LEGAL BRIEFS Tommy Lee is being sued over the death of a 4-year-old boy who drowned at his Malibu home during a kids' pool party last June. The parents of Daniel Karven-Veres filed suit last Friday, claiming that there was no lifeguard or adult supervisor at hand, nor was there anyone trained in life-saving techniques. They are seeking unspecified damages from the rocker....

Paula Poundstone earned an ''A+'' from the judge rating her court-mandated recovery from alcoholism, a condition of her probation on child-endangerment charges. Since she pleaded no contest and was sentenced last fall, she has successfully completed a rehab program and will now be allowed to perform at comedy clubs without a court-appointed monitor and travel for five days instead of three. (She still must have a monitor present when she visits her kids.) Outside the Los Angeles courthouse on Wednesday, Poundstone said of her new stand-up routine, ''A drunk felon is such a good storyteller.''

PASSING NOTES John Thaw, who played TV's Inspector Morse for 15 years, died Thursday in London from throat cancer. The 60-year-old was a heavy smoker who once said he'd rather smoke and be pleasant company than quit and be ''nervy, edgy, and snappy.'' That description would have fit his cranky Morse, whom he played in 33 TV movies, appearing first on Britain's ITV in 1985 and on PBS' ''Mystery!'' three years later....

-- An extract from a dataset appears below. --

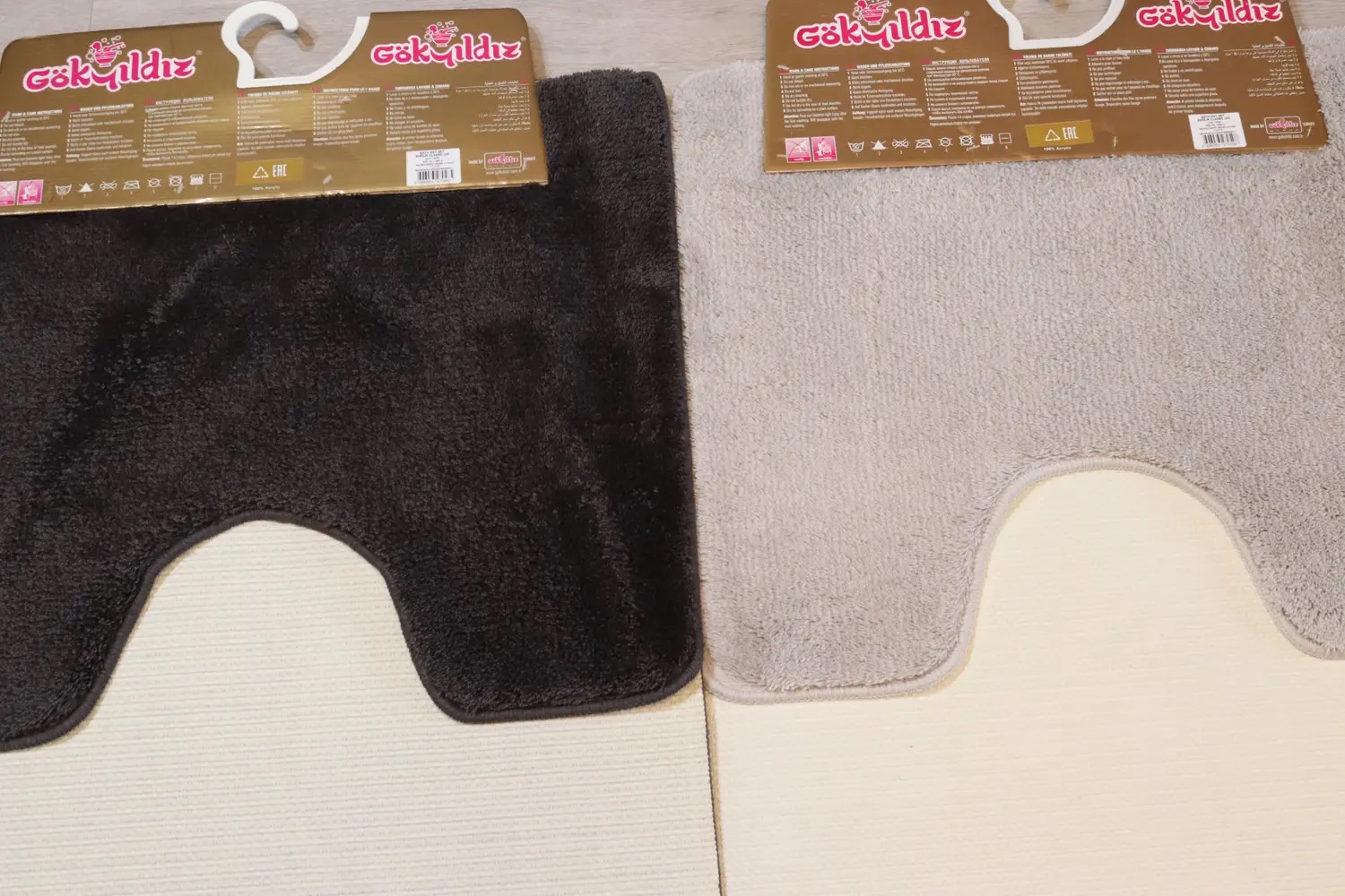 Набор ковриков для ванной и туалета Vonaldi 60x100 см турецкого производства. Выполненыиз акриловой синтетической ткани, на нижнюю сторону нанесена мягкая резиновая основа. Коврик под унитаз с вырезом.

Virginia Hamilton, the first African-American author to win the Newbery award, the most coveted award in children's book publishing, died Tuesday of breast cancer in Dayton, Ohio. Hamilton, 65, won the award for ''M.C. Higgins, the Great,'' in 1975. Many of her books focused on the black oral tradition and told true stories recollected by survivors of slavery. Her other well-known works included ''The People Could Fly'' (1985) and ''Many Thousand Gone: African Americans From Slavery to Freedom'' (1993).